What you should do: For this exercise, restate every line below word for word and drop the images.

Source material:
__________________________________________________

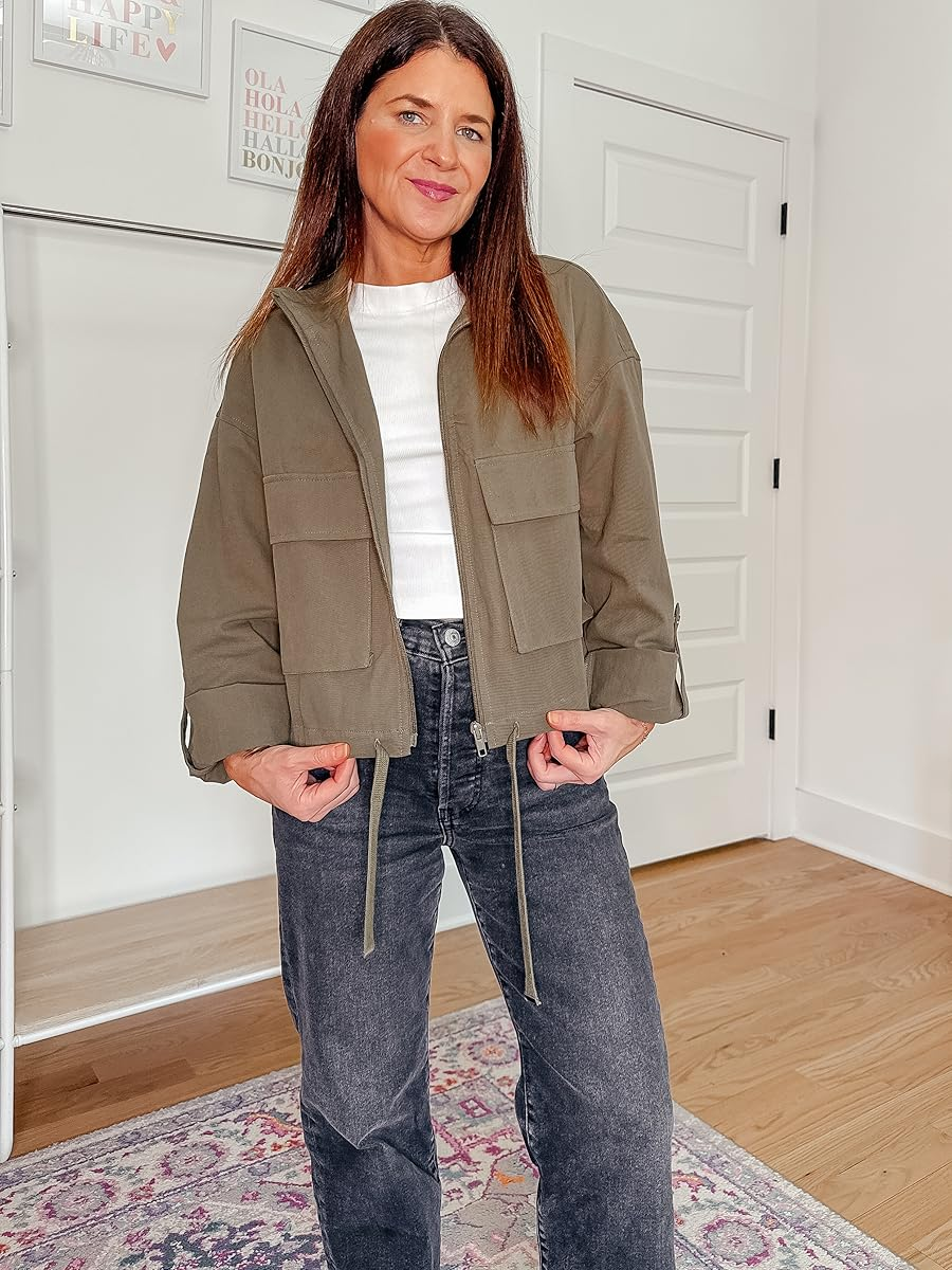 Cropped Lightweight Jacket – 50% off, under $20. Use code XN68FY8Y. Promo expires 9/2 at midnight PDT. I am wearing a size small and would go true to size. Click below to shop.
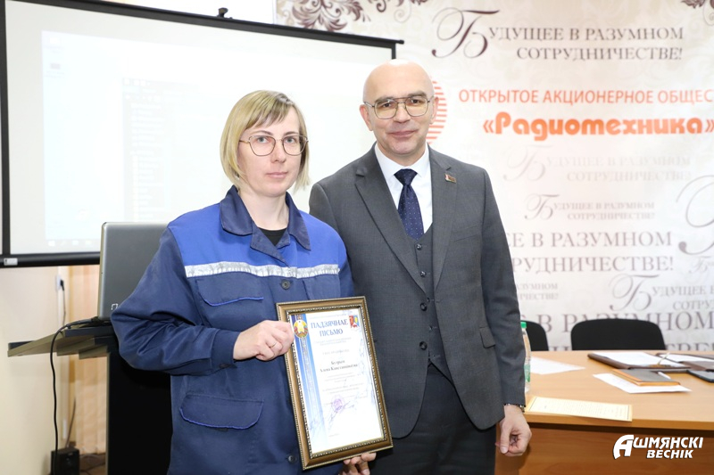 В рамках встречи, проходившей в ОАО «Радиотехника», заместитель председателя Ошмянского райисполкома Юрий Снесарь вручил Благодарственное письмо председателя Ошмянского райисполкома слесарю механосборочных работ Елене Бутрим, которую отличает добросовестный труд и активное участие в общественно-политической жизни.
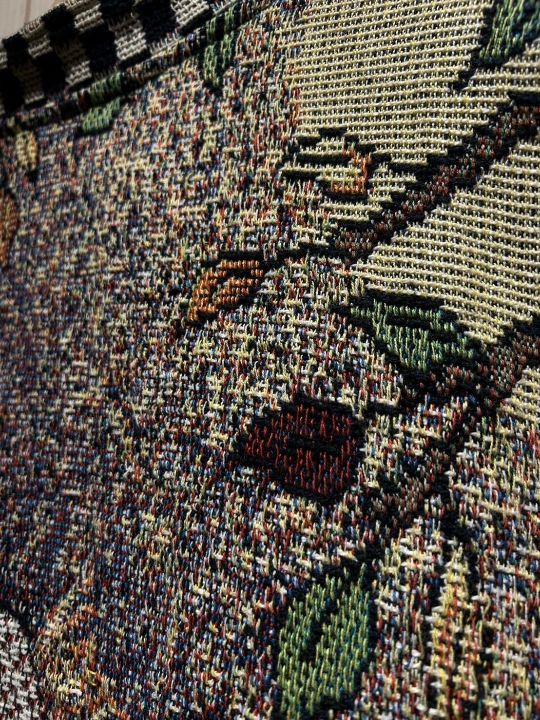 近くで見ると分かるのですが、立体感やグラデーションを出す為に何色もの糸が使用され織り込まれた繊細かつ緻密な作り込みに圧倒されます、、、
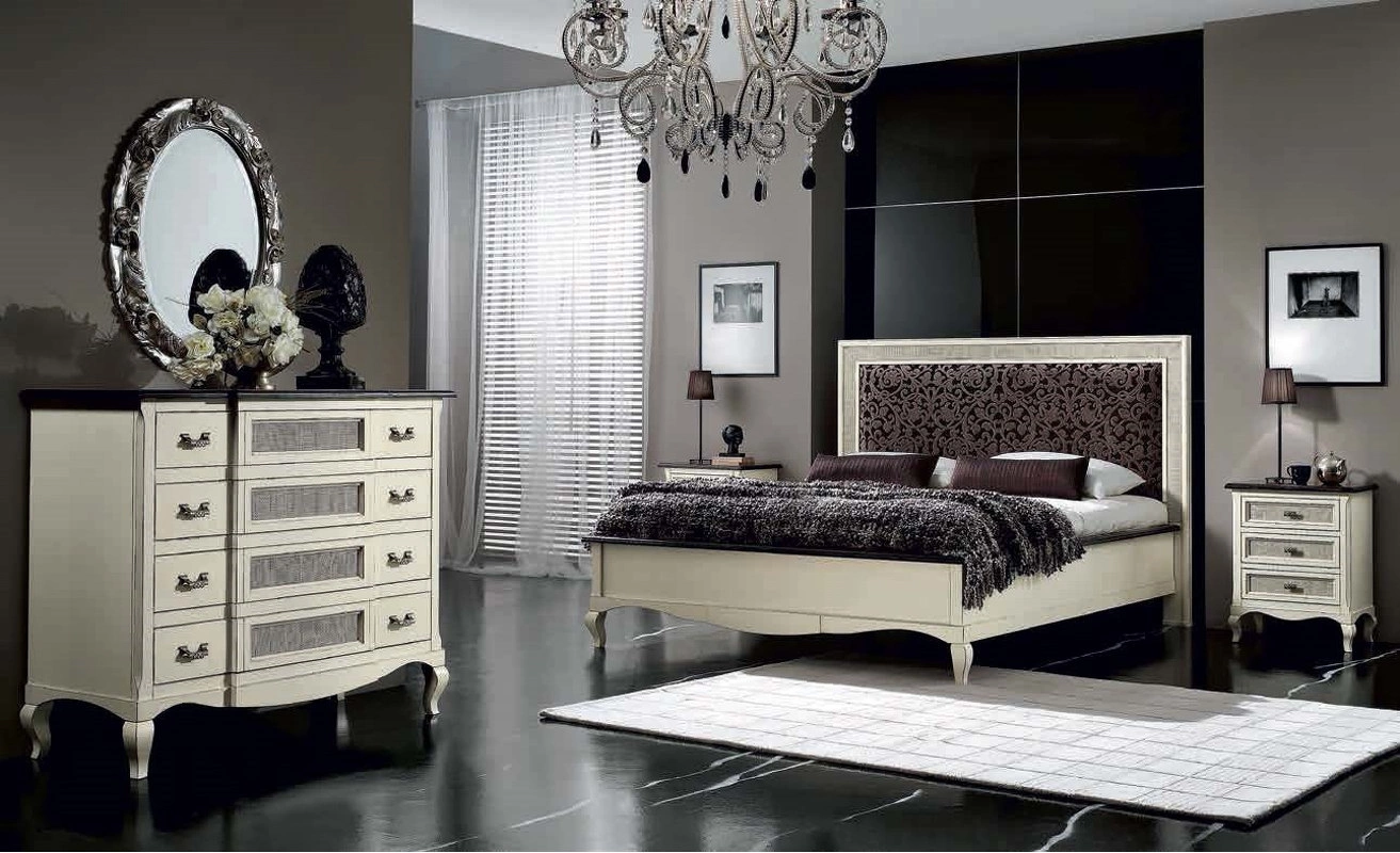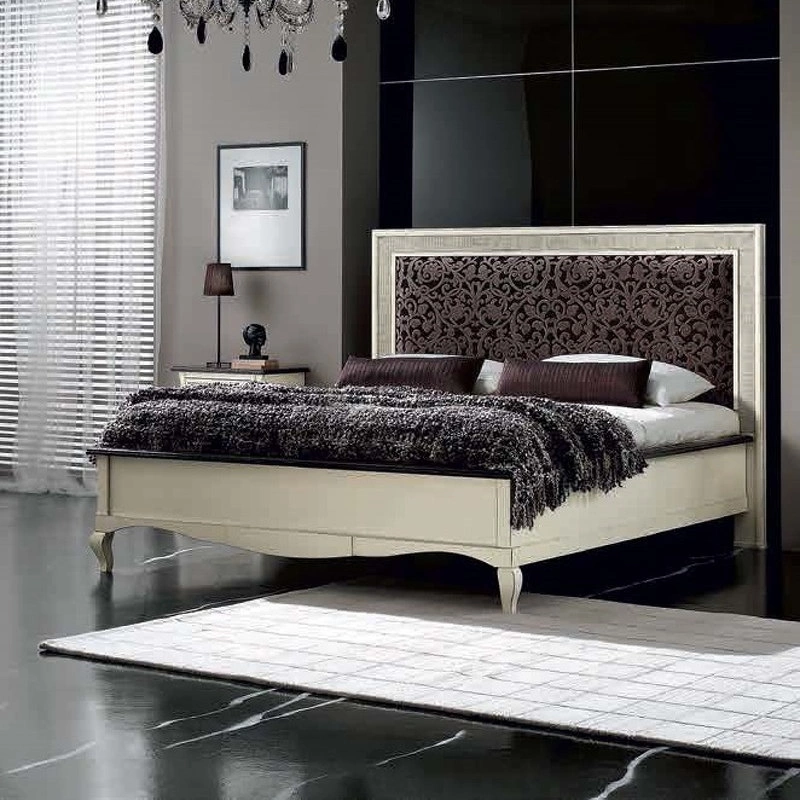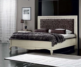 Кровать с изогнутыми ножками выполнена в традиционном стиле. Её изголовье обтянуто тканью. В комплект не входят основание для кровати, матрас и постельное бельё.
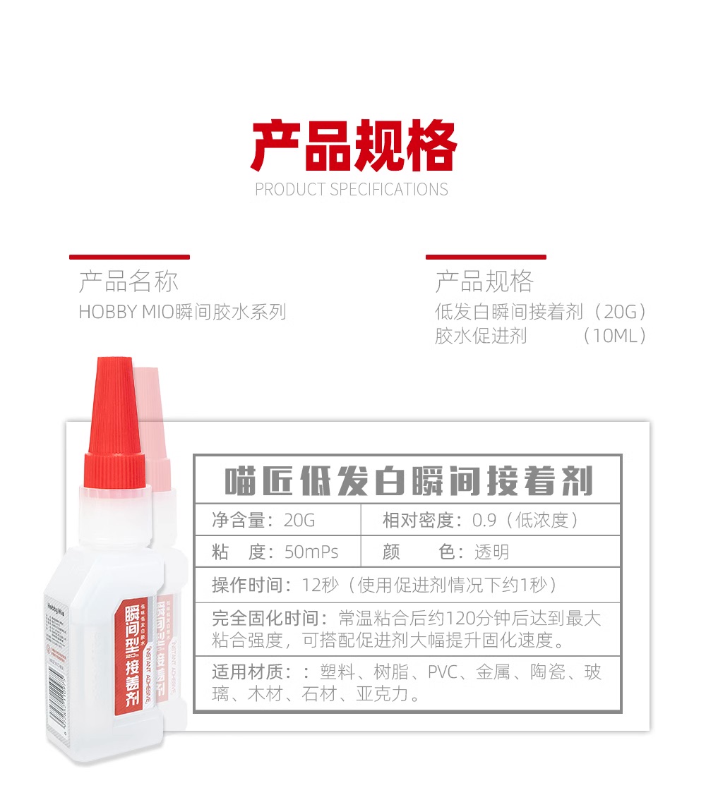 (Pandainn) 喵匠 hobbymio 瞬間膠 模型用膠水 高硬度 低白化
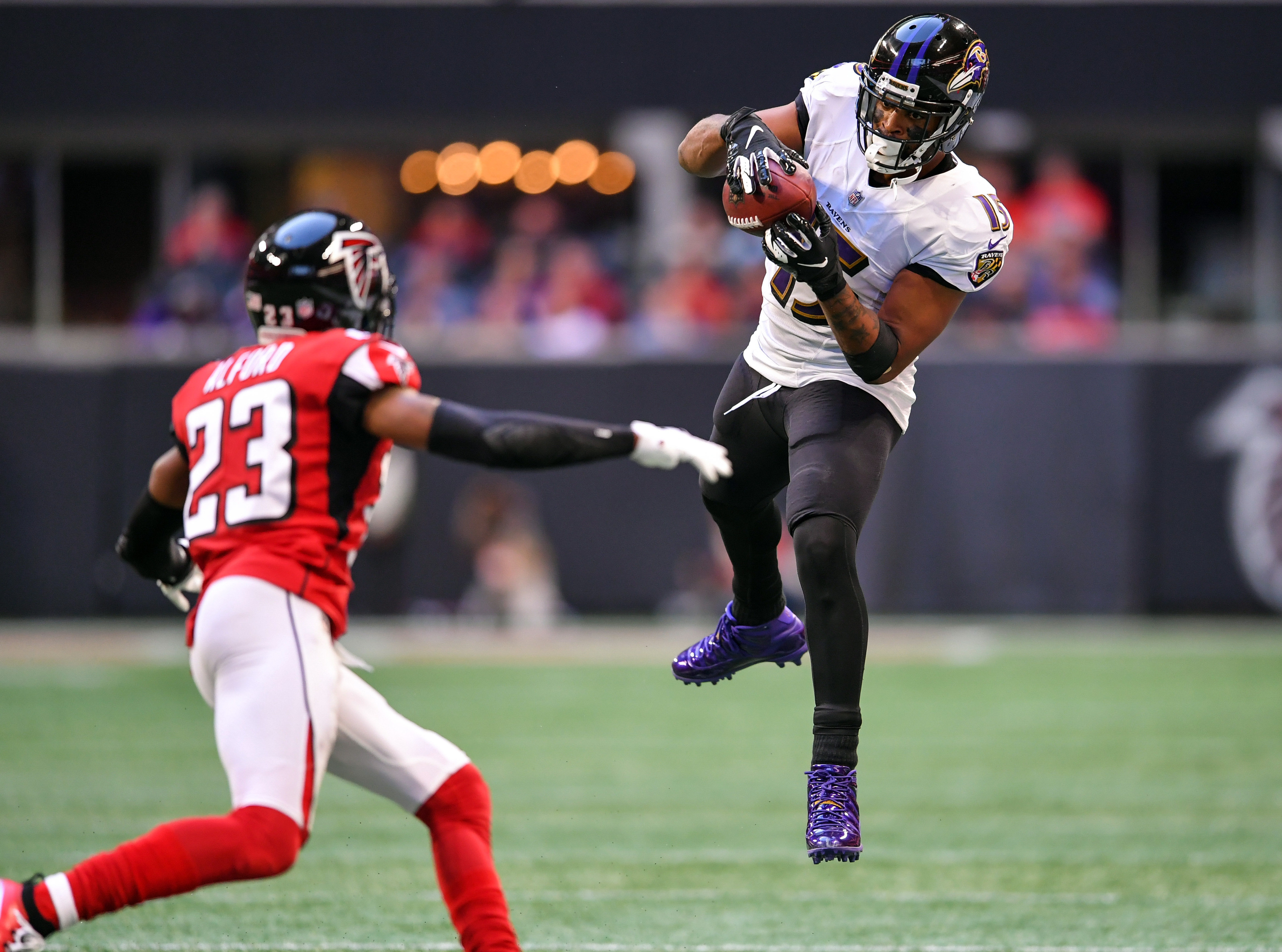 Dec 2, 2018; Atlanta, GA, USA; Baltimore Ravens wide receiver Michael Crabtree (15) makes a catch in front of Atlanta Falcons cornerback Robert Alford (23) during the second half at Mercedes-Benz Stadium. Mandatory Credit: Dale Zanine-USA TODAY Sports / Dale Zanine

__________________________________________________

Your response:
 Cropped Lightweight Jacket – 50% off, under $20. Use code XN68FY8Y. Promo expires 9/2 at midnight PDT. I am wearing a size small and would go true to size. Click below to shop.
 В рамках встречи, проходившей в ОАО «Радиотехника», заместитель председателя Ошмянского райисполкома Юрий Снесарь вручил Благодарственное письмо председателя Ошмянского райисполкома слесарю механосборочных работ Елене Бутрим, которую отличает добросовестный труд и активное участие в общественно-политической жизни.
 近くで見ると分かるのですが、立体感やグラデーションを出す為に何色もの糸が使用され織り込まれた繊細かつ緻密な作り込みに圧倒されます、、、
 Кровать с изогнутыми ножками выполнена в традиционном стиле. Её изголовье обтянуто тканью. В комплект не входят основание для кровати, матрас и постельное бельё.
 (Pandainn) 喵匠 hobbymio 瞬間膠 模型用膠水 高硬度 低白化
 Dec 2, 2018; Atlanta, GA, USA; Baltimore Ravens wide receiver Michael Crabtree (15) makes a catch in front of Atlanta Falcons cornerback Robert Alford (23) during the second half at Mercedes-Benz Stadium. Mandatory Credit: Dale Zanine-USA TODAY Sports / Dale Zanine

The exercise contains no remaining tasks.